Вигвам нервно кивнул, все еще находясь в фазе тревоги. Если бы я в тот момент стал вспоминать, как он облысел еще в старших классах школы и как потом его спалили на списывании во время вступительных отборочных экзаменов по английскому и математике, он бы наверняка рванулся к запасному выходу и выпрыгнул из самолета. Но я его пожалел и ничего не сказал.
Вместо этого я обратился к Шефу, почтительно улыбаясь:
– Вернемся к нашим делам, – деловым тоном сказал я. – Люди, с которыми мы встречались в Швейцарии, не произвели на меня большого впечатления, поэтому я не собираюсь продолжать с ними дела.

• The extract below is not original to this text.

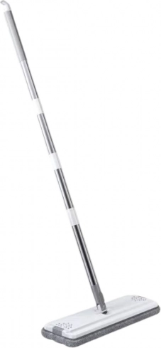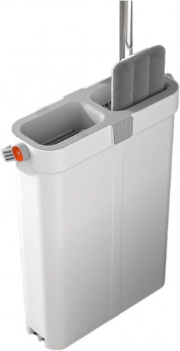 De moderne tweekamer-emmer scheidt schoon en vuil water voor een hygiënischere en snellere schoonmaak. De vlakmop met verstelbare telescoopsteel past zich eenvoudig aan de lengte van de gebruiker aan en bereikt smalle plaatsen, onder bedden of kasten.

Они показались мне не вполне заслуживающими доверия.
Разумеется, это была ложь, на которую у меня были свои причины, хоть я и не любил врать Шефу.

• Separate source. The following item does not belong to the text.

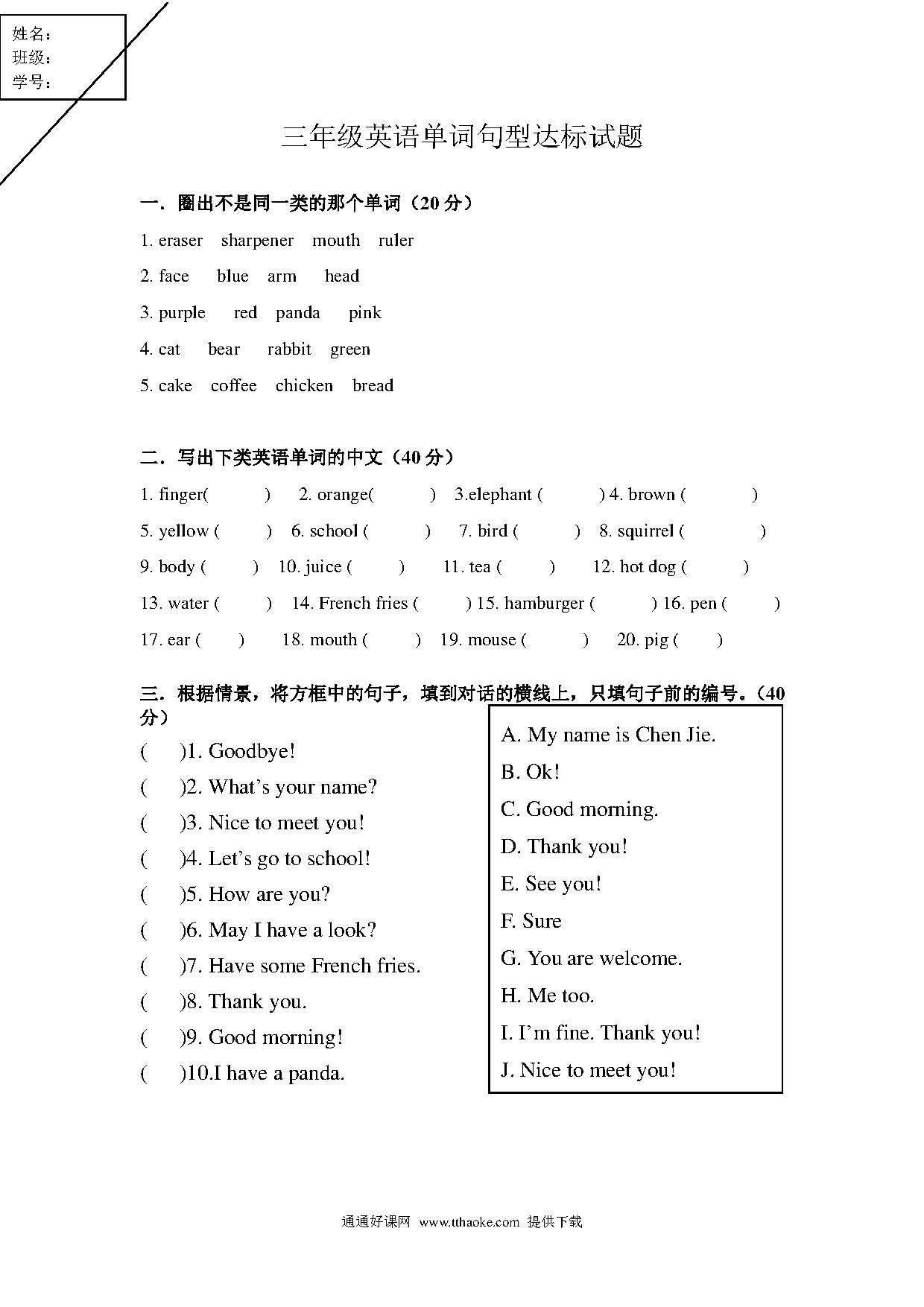 2022年译林版三年级英语上册期中综合质量测试卷可下载(附听力及答案)

В Штатах у меня на хвосте сидел одержимый агент ФБР по имени Грегори Коулмэн, и мне нужно было пустить его по ложному следу, чтобы отвлечь его внимание от моих реальных швейцарских счетов. Поэтому я хотел, чтобы Шеф помог мне открыть номерной счет, на который я никогда не стану класть деньги, но о существовании которого я косвенно дам знать агенту Коулмэну. И когда он обратится к швейцарскому правительству с просьбой обеспечить ему допуск к моему счету, я стану изо всех сил противиться этому, словно мне есть что скрывать. Чтобы сломить мое сопротивление, ему, по моим скромным подсчетам, понадобится добрых два года, если не больше. И когда он, наконец, доберется до моего счета и откроет его, выяснится, что там ничего нет и никогда не было.

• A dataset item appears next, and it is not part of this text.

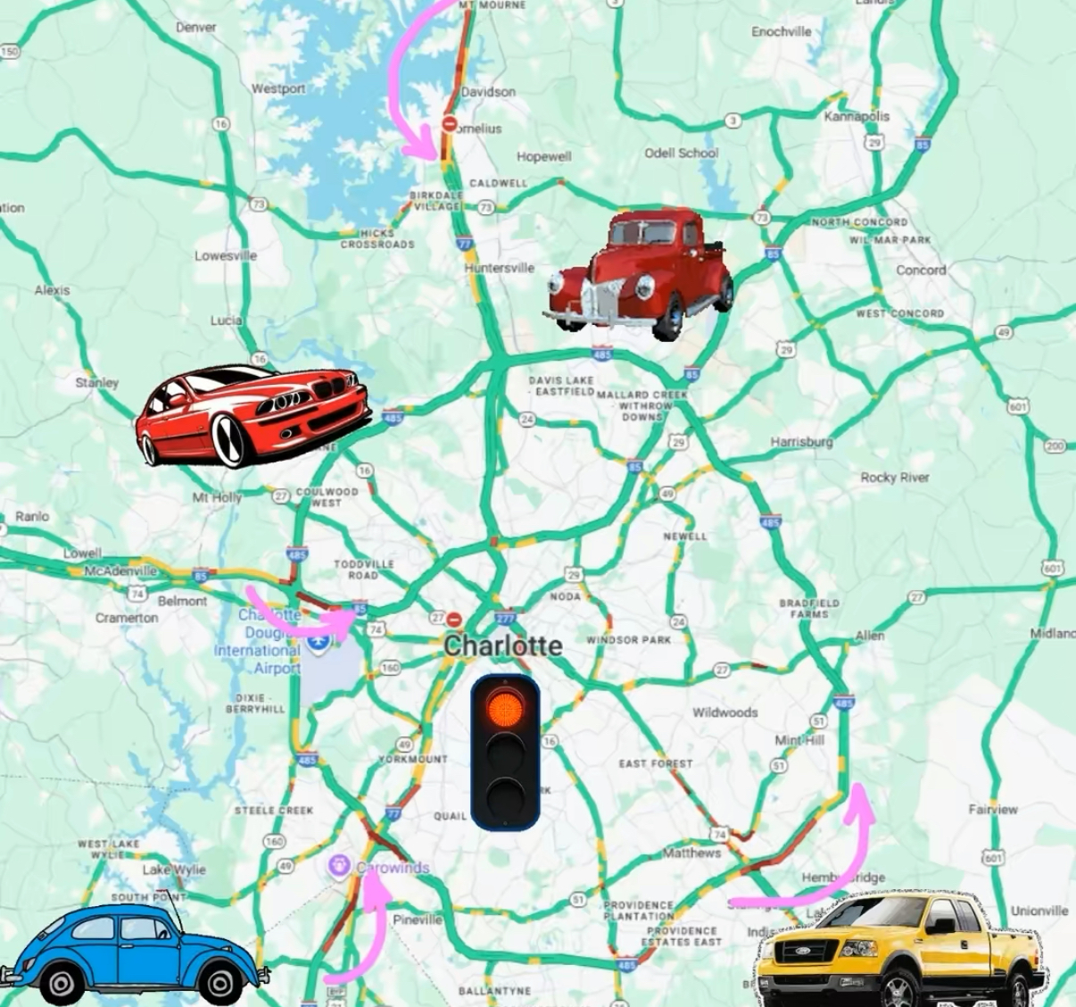 Charlotte NC drive / commute around the city

По сути, это будет насмешка над Коулмэном, а мои настоящие счета останутся нетронутыми. С этой мыслью в голове я обратился к Шефу:
– Давай вернемся к тому, о чем говорили раньше. Что я должен сделать, чтобы процесс пошел?
– Ничего, – ответил Шеф с характерным акцентом жителя штата Нью-Джерси. – Я уже все за тебя сделал – есть доверенные «подставные», номинальные собственники, а я сам могу быть консультантом по управлению имуществом по доверенности. Это поставит еще один барьер между тобой и деньгами. И упаси боже, если эти мальчики из ФБР начнут что-то разнюхивать. Я тут же уйду с поста консультанта, и денежки утекут в Лихтенштейн, а потом… ну, ты сам знаешь – фьюить! – он хлопнул в ладоши и махнул правой рукой куда-то в сторону южной Румынии, – мы спокойно сможем ими воспользоваться.
Я улыбнулся Шефу и довольно кивнул. Из многих талантов этого человека самым замечательным был дар использовать интригующую комбинацию жестов и звуков, чтобы довести до ума собеседника то, что он хотел сказать. Моим любимым звуком был «фьюить!», который сопровождался хлопком в ладоши и вскидыванием правой руки в сторону. Шеф пользовался этим звуком, когда пытался связать воедино концы придуманной им легенды. «Ну вот, и с этим последним фальшивым документом, который мы с тобой сфабриковали, сам знаешь – фьюить! – федералы ни за что не раскопают правду!» – говаривал он.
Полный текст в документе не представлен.